С этим категоричным маминым заявлением надо было что-то делать. 
А надо сказать, что в те послевоенные времена, времена Юркиного детства, самым суровым наказанием было именно это:
 - Больше гулять не пойдешь!
Вся жизнь кипела во дворе, заполненном до отказа дровами, в проходах между которыми, а еще в подворотне, в подвалах и на чердаках умудрялись и строить шалаши, и играть и в карты и в футбол и в казаки-разбойники и в штандер и в прядки и в лапту. Всем во дворе командовала татарка дворничиха Фаина, которой все мы дворовые дети обязаны тем, что выросли достойными и не свихнувшимися гражданами. Она заменяла нам и воспитателей и участкового милиционера и камеры видео наблюдений.  И вот этой необыкновенной буйной жизни тебя лишали только из-за того, что ты там бегая «вспотел, как цуцик».
А кроме самого двора, недалеко был еще небольшой сквер с песочницей и четырьмя скамейками и еще довоенными очень красивыми кустами сирени. В глубине этого сквера располагалась похоронная контора, и поэтому сам сквер в народе обзывался Похоронкой. В коридоре этой самой конторы рядом с входом была установлена старая эмалированная раковина с водопроводным краном, где летом местная детвора, утоляла жажду, а осенью или весной отмывалась от грязи, перед возвращением домой. А вот зимой кран был менее востребован, но Юрка, чтобы его не ругали за то, что он является домой разгоряченный, решил воспользоваться доступной холодной водой для охлаждения и приведения себя в замерзшее состояние. Он после всех дворовых занятий, разгоряченный, шел в Похоронку и просто подставлял под струю воды свою шкирку и заливал туда немного воды, затем не спеша отправлялся домой, куда приходил замерзший, посиневший как тот же цуцик и не смущал маму своим уже совсем не разгоряченным видом.

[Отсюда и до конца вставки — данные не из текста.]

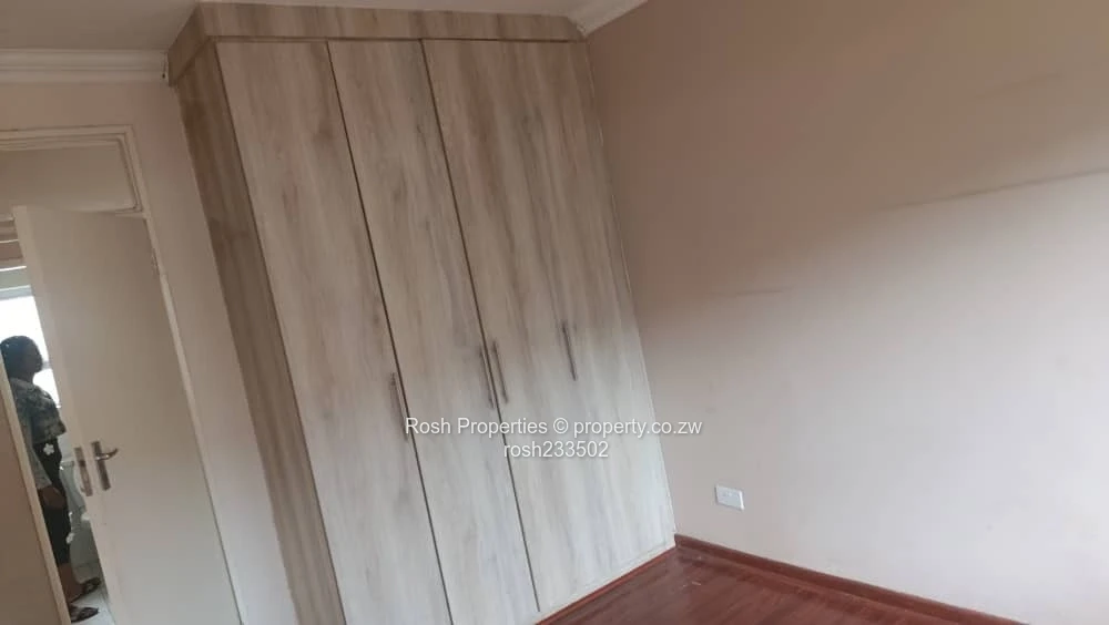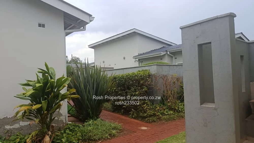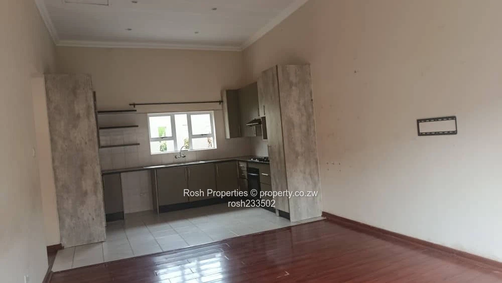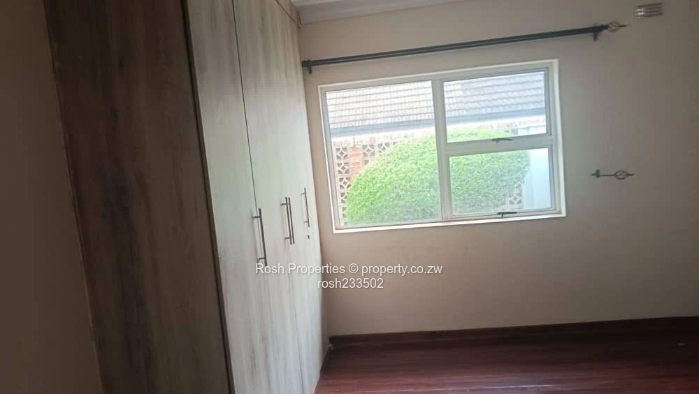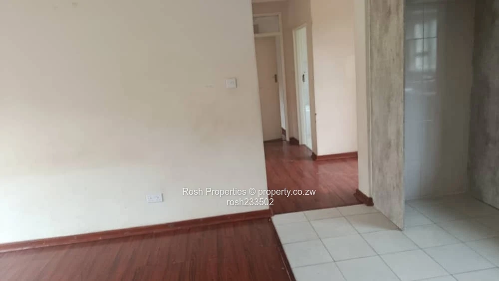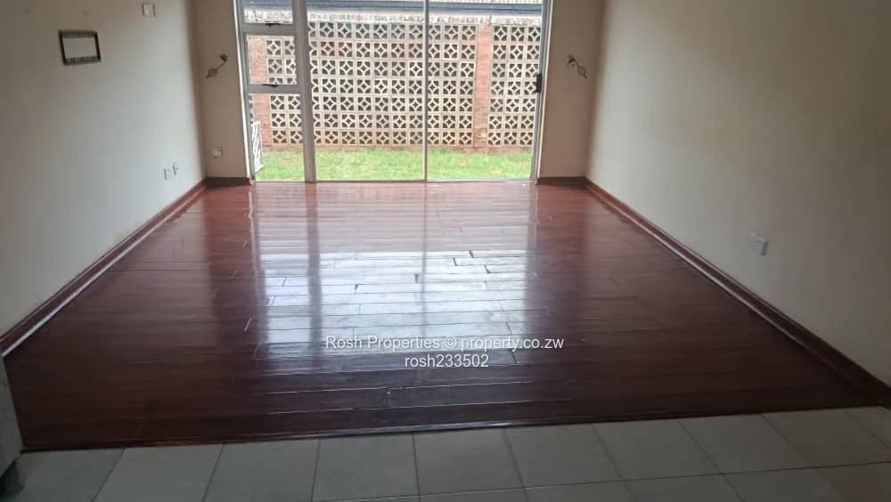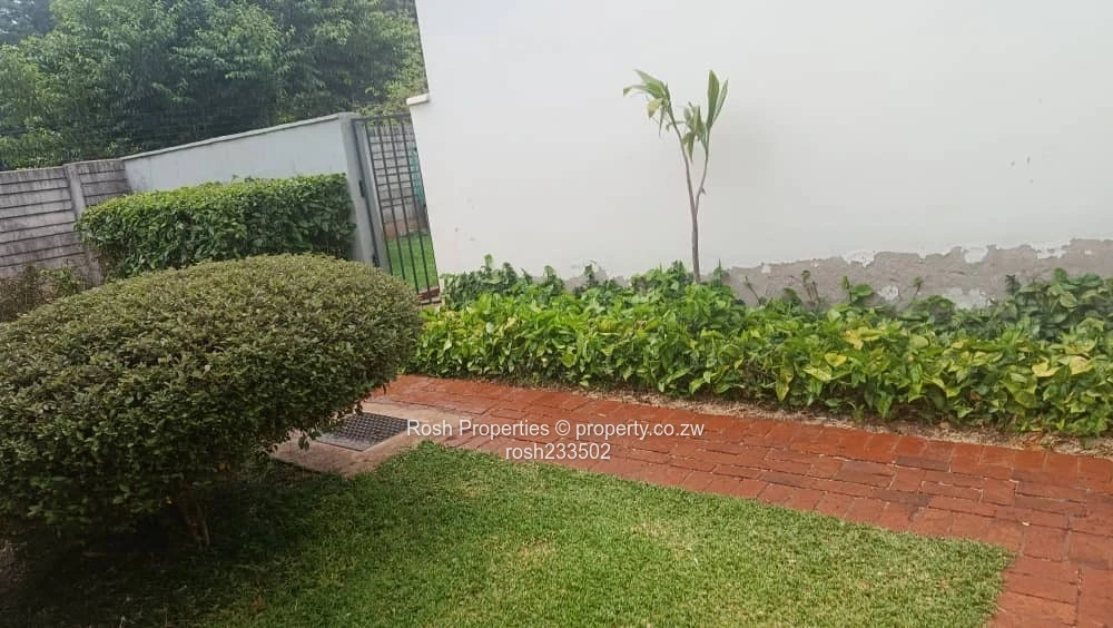 Charming 2-bedroom, 2-bathroom garden flat in Greendale North, Harare North — perfect for a professional couple or small family. As seen in the photos, the flat opens into an airy open-plan lounge and dining area with polished wooden flooring and sliding glass doors that lead directly to a private, low-maintenance lawn and neatly trimmed hedges (see images of the lawn and paved red-brick pathway). The modern fitted kitchen features ample cupboards, tiled flooring, a built-in oven and hob plus generous counter space for meal prep. Both bedrooms are carpet-free with quality timber floors and built-in wardrobes shown in the pictures; the two bathrooms include a tiled shower cubicle and a separate WC/vanity for convenience. Outside you’ll find a secure walled boundary, pedestrian gate, satellite/DStv connection visible on the wall, and established shrubs that create a pleasant, private courtyard. Positioned on a stand of 280 m² with a building footprint of 300 m², this garden flat offers comfortable, move-in ready living in a sought-after Harare North location close to schools, shopping and major routes. Contact us to arrange a viewing.

  Так что не мудрено, что он заболел и заболел серьезно. Родители испугались его высокой температурой и уложили в постель. В бреду Юрка вдруг почувствовал, что его тело вместе с одеялом стало подниматься вверх к потолку и задержалось только перед потолком. Свысока он увидел свою постель и себя в постели, но себя, какого то чужого, встревоженных родителей, сидящих у ночника и ожидающих приезда врачей. Он попытался позвать на помощь, закричал:
 - Мама! Я улетаю! Держите меня!
Но издать хоть какие-то звуки у него не получилось, он опять впал в забытье.

Аленкина мама привела Аленку навестить болеющего, когда Юрке стало намного легче. Они пришли с пирожными и, как много позже догадался лечить вкусняшками  Карлсон, лечили Юрку сладостями. Аленкина мама припомнила, что когда Юрка и Аленка познакомились в песочнице Похоронки, то Аленка играла в принцессу, а Юрка наотрез отказался быть принцем:
 - Не буду я принцем! Я – простой советский человек!
Но потом Юрка из заколки для волос сделал шпагу для игрушечного принца и согласился:
 - Принц тоже может быть человеком, простым советским человеком.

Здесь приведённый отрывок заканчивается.